In 1937, sponsored by the U.S. Department of Labor, Tereshchenko organized and led a large, 160-employee research project to study the world's literature on cooperatives, which was published 12 languages. The work was conducted in close collaboration with the Co-operative League of America, the International Cooperative Alliance in London, the International Labour Office in Geneva, and the Rockefeller Committee for Relations with South America. The Library of Congress assessed the materials collected by project as "the most complete in the world" at that time. The Fundamental Project Edition, Summaries of laws on cooperatives in the U.S., was used to revise the cooperative laws in some states. In April 1940, Tereshchenko was invited to Committee of the Senate on cooperatives legislation. He and other project employees later took part in the establishment of initial economic ties between the U.S. and the Republic of China (1942−1949).

In the 1940s, Tereshchenko was also invited to organize a section on cooperatives at the Latin American Institute in Boston and was initiator of the first ever visit delegation of cooperators from South America to the United States. Before the end of World War II, he was elected to the Executive Committee of the International Cooperative postwar reconstruction in New York. He participated in the preparation the United Nations Conferences on Food and Agriculture in Atlantic City and Hot Springs.

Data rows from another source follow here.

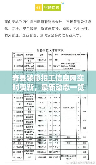 为了更准确地了解寿县装修招工信息网的最新动态,我们可以通过以下几个方面进行介绍: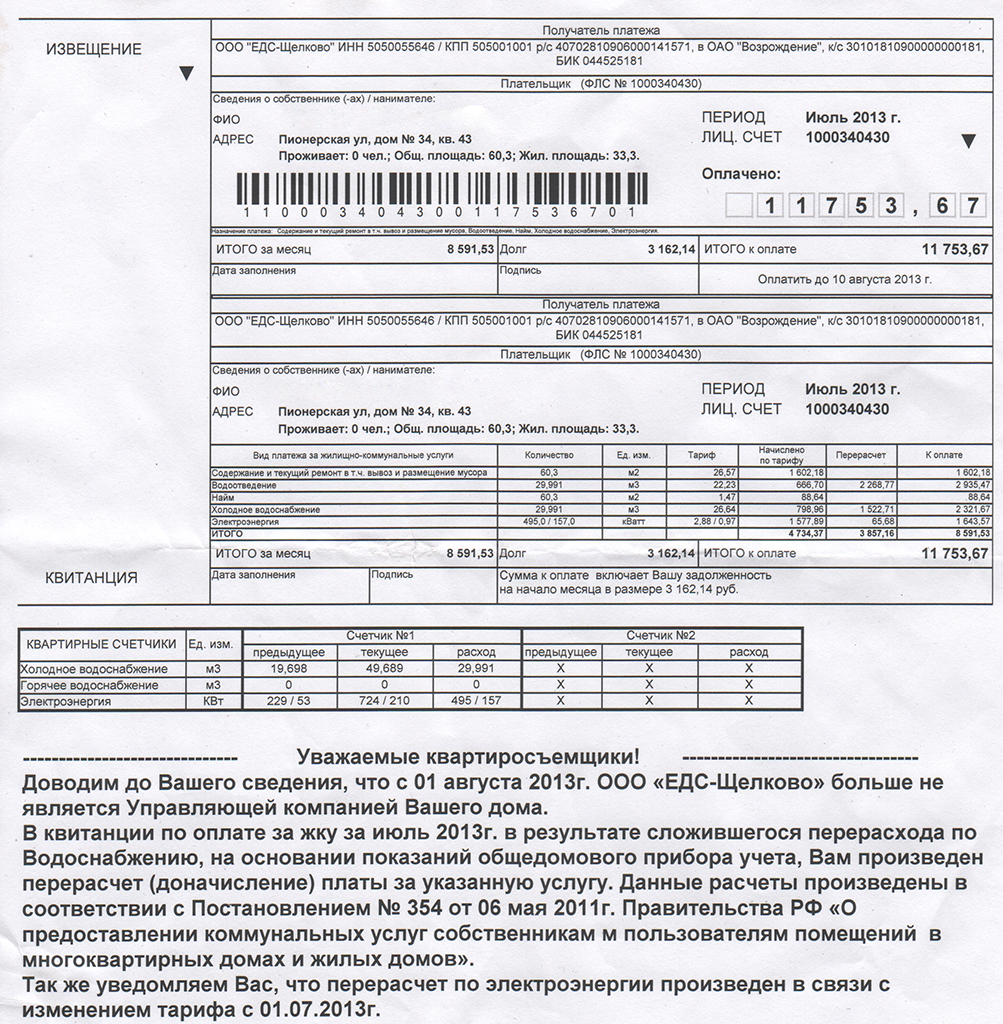 Сегодня, как и обещал, написал заявление в двух экземплярах и зарегистрировал их в УК ЕДС Щелково про то, что не собираюсь оплачивать непонятные перерасчеты, с приложением копии извещения, копии снятых в июле показаний счетчиков и копии оплаченной квитанции за июнь, также указал, что извещение получил 20 сентября, а дата платежа в ней указана "до 10 августа". И еще попросил в письменном (либо электронном) виде предоставить мне формулу этих перерасчетов с указанием конкретных данных, которые использовались в расчетах. Секретарша с этим заявлением меня сразу отправила к генеральному директору тов. Носову А.Г., который с первого раза не смог разобраться в представленных цифрах, вместе с ним сходили в бухгалтерию РКЦ где дама за компьютером немного потыкая в клавиши тоже не смогла ничего толком объяснить, тов Носов на этот момент сам не мог понять почему, если есть показания счетчиков, в графе "перерасчет" оказались вылиты и залиты лишние кубометры. После чего господин Носов пообещал мне разобраться с этим вопросом и об итогах этого "разбора" мне должны сообщить по телефону.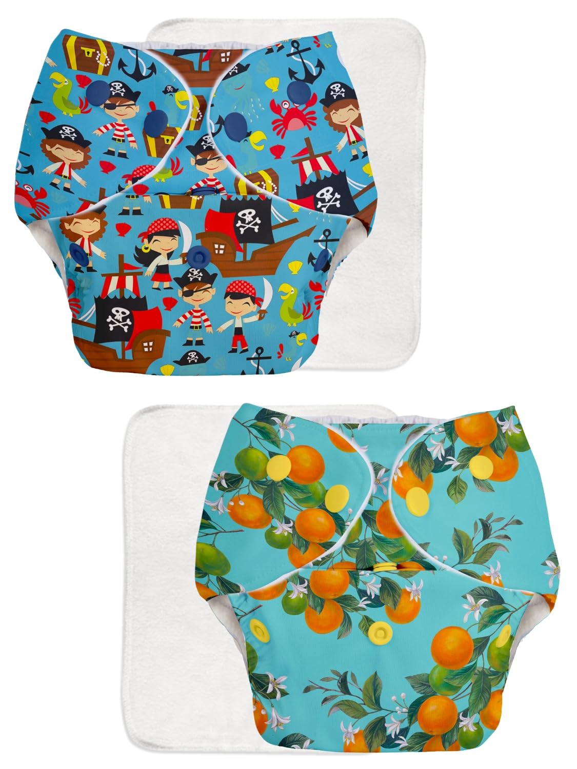 SuperBottoms BASIC - PACK OF 2-2 Certified Soft Fleece Lined Freesize Adjustable and Reusable Cloth Diaper for babies 0-3 Years | Cloth Diaper for babies with 2 inserts with snaps (Assorted 7)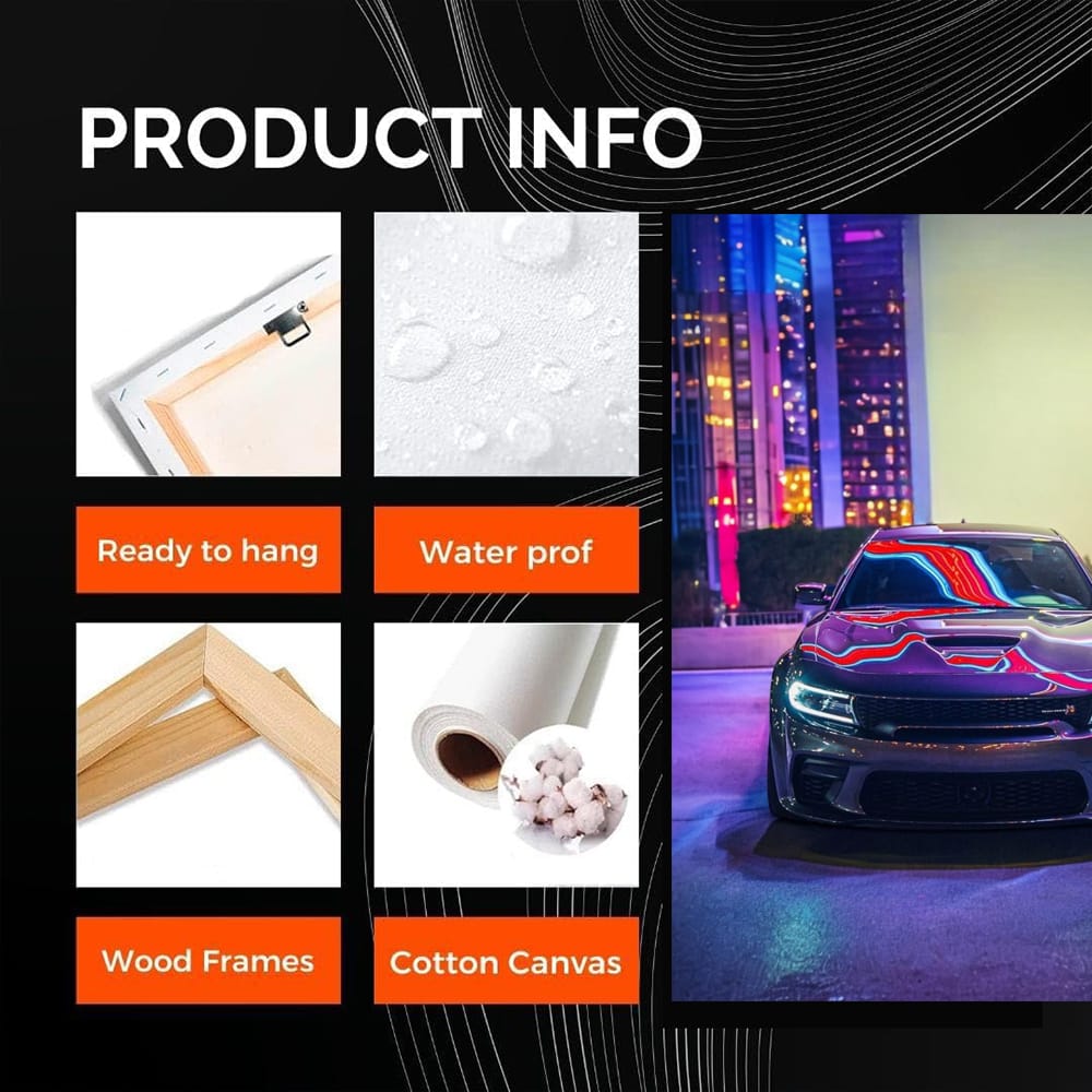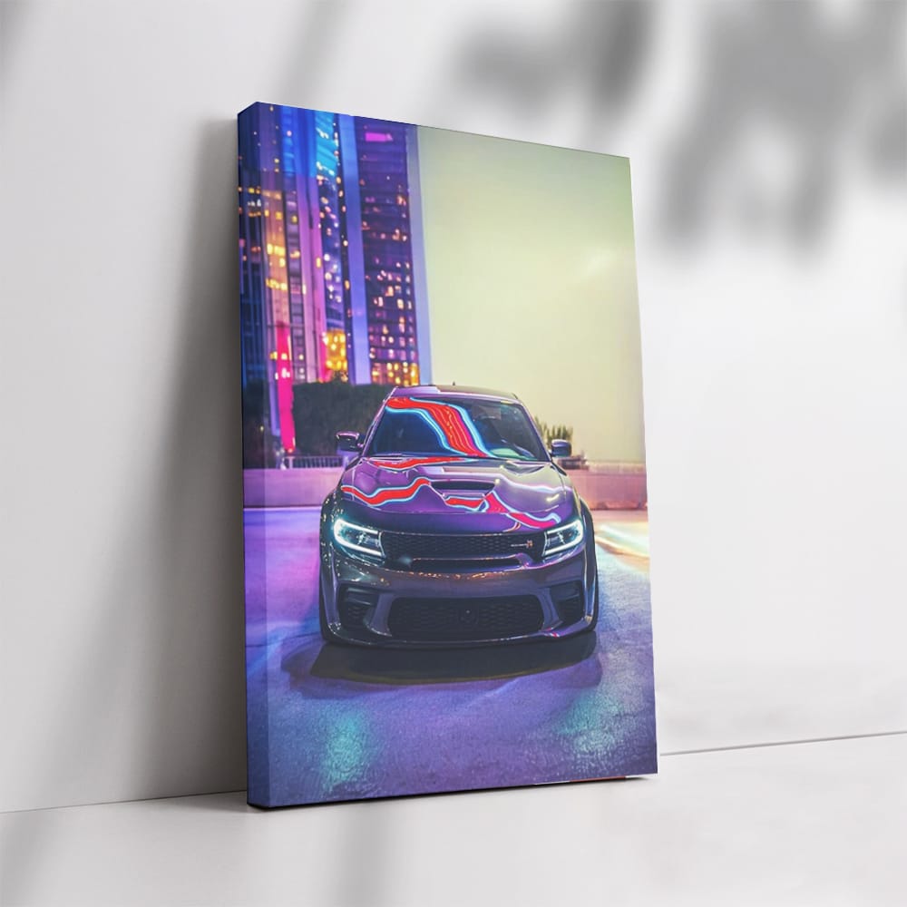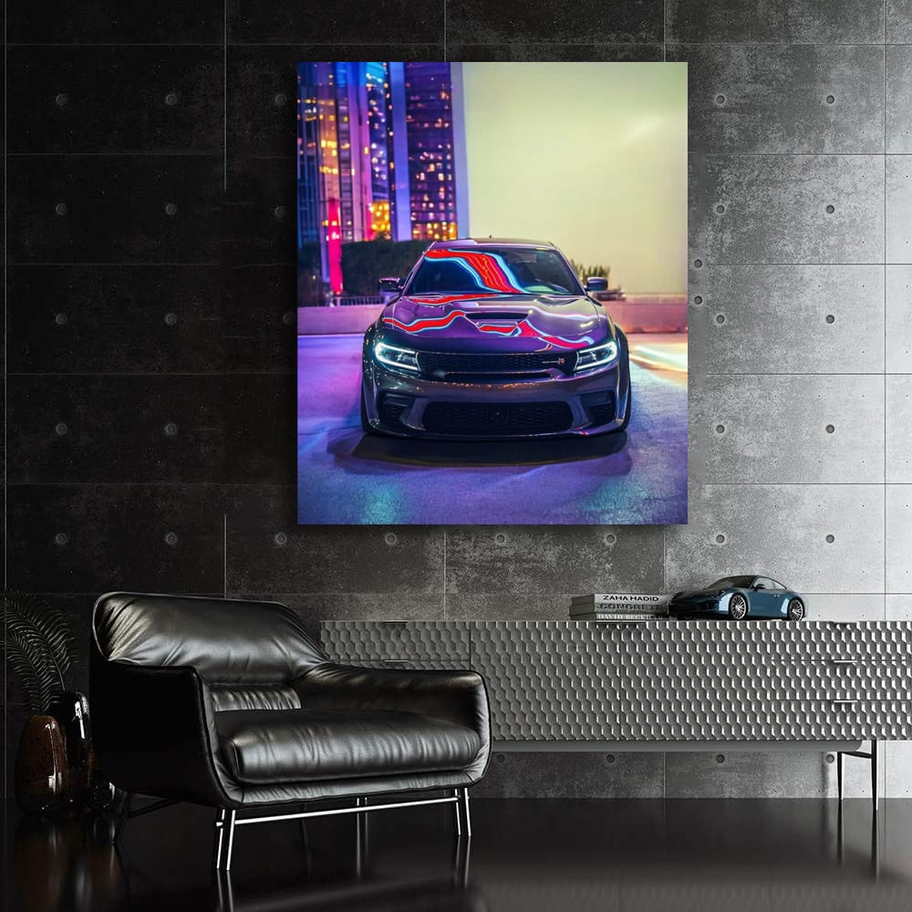 Bro, this Dodge Charger poster is pure power on the wall! Night, lights, and this beast on the road. A painting that will get your adrenaline pumping. This is wall art for true speed and drift lovers. Hang it up and your abode will be cooler than a pit stop! See more from the collection: Dodge Art
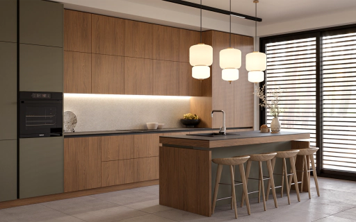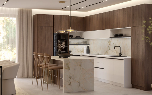 Konyhabútor-kínálatunkban a modern, prémium megoldások dominálnak, minden esetben ügyfélre szabva. A fotón egy olyan stílus látható, amelyben a fa, a kőhatás és a minimalizmus érvényesül. Konyháinkat egyedileg tervezzük akár szigettel, akár rejtett tárolókkal. A fotórealisztikus látványterv része a folyamatnak, amely bemutatja az adott térbe illeszkedést.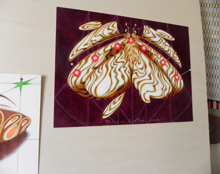 An original piece from the series “Please do not kill butterflies”, pins and oil on paper, 30 x 22 cm, 2017. ORIGINAL SOLD. Please, all these dead animals ... Of course, not everyone of us can or want become vegetarian. Sure, in some cases, maybe, the medical experimentation needs them to get results. But we really have to kill them for our frivolous activities? ... Is it necessary to have so many pink pigs die in front of a camera? Do we really need to dissect sharks in formaldehyde, to starve stray dogs tied to a chain in the corner of a gallery, or to make innocent ants go crazy in twisted tubes of plexiglas? To make these drawings, no butterfly was killed. Some details on the painting: this piece is made with oil colors on thick paper (paper weight: 290 gr/mq; the surface of the paper is rough). The painting is mounted on a wood panel. The finishing of the painting is made with protective gloss varnish (transparent mastic paint). The painting was made in Turin - Italy, in 2017. Certificate of Authenticity is included, with signature of the artist on photograph. The painting is signed on the front bottom center. FREE SHIPPING WORLDWIDE!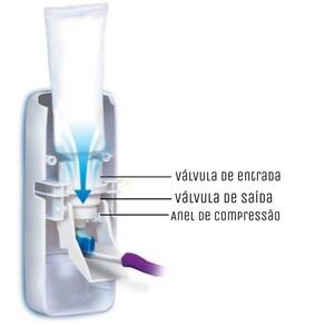 - para utiliza-lo basta pressionar a escova de dentes no dispenser, que o sistema de vácuo criado faz a pasta sair colocando-a diretamente sobre a escova, na medida certa. - evita desperdícios, economizando creme dental. - formato de bico universal, adaptável a todos os tipos de tubos de creme dental.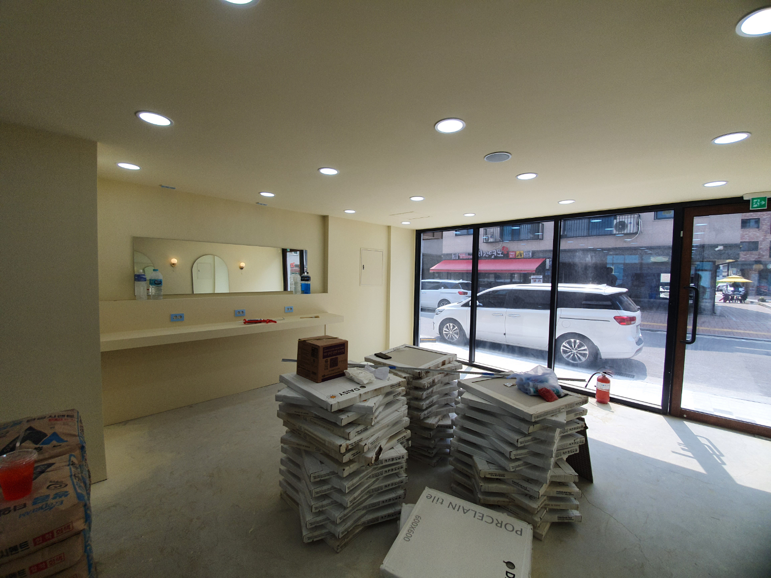 타일 작업은 물론 전기공사와 기타 다른 작업까지 동시에 진행되고, 각자의 분야별로 체계적으로 움직이기에 원하시는 시일까지 신속하게 맞춰드리고 있습니다. 그리고 처음부터 마무리까지 나의 집이라고 생각하고 정성을 다하고 있으니 믿고 맡겨주시면 좋을 것 같은데요. 이렇게 모두의 노력으로 탄생한 군포상가인테리어 미용실 헤어샵현장 보실까요?

After the war, Tereshchenko travelled to the USSR for business trips and to help establish trade and economic ties with the U.S. In 1946, he was chief economist of the United Nations Relief and Rehabilitation Administration (UNRRA) in Soviet Ukraine. He eventually returned permanently to the Soviet Union, living in Kyiv from 1963 onwards. He worked in a number of research institutes in the Ministry of Agricultural Economics and at the Academy of Sciences of the Ukrainian SSR, and taught at the Taras Shevchenko National University of Kyiv.

Tereshchenko authored over 170 books, papers, and articles in periodical on the management problems, which were printed in more than 10 countries. In 1970, a Moscovian company published a reduced version of the multi-volume Executive Leadership Course (Englewood Cliffs, N.J.: Prentice-Hall, Inc., 1963), which was edited by Tereshchenko.

He was a lecturer, with thousands of public lectures given in the U.S., Europe, and the Soviet Union. His later works included The choice problem: policy of research priorities in the West, The science of management, and All about cooperation, which was written when he was almost 90 years of age and published in Kyiv.

==Personal life and honours==
Tereshchenko died September 28, 1994. His remains are buried in Kyiv, at the Baikove Cemetery.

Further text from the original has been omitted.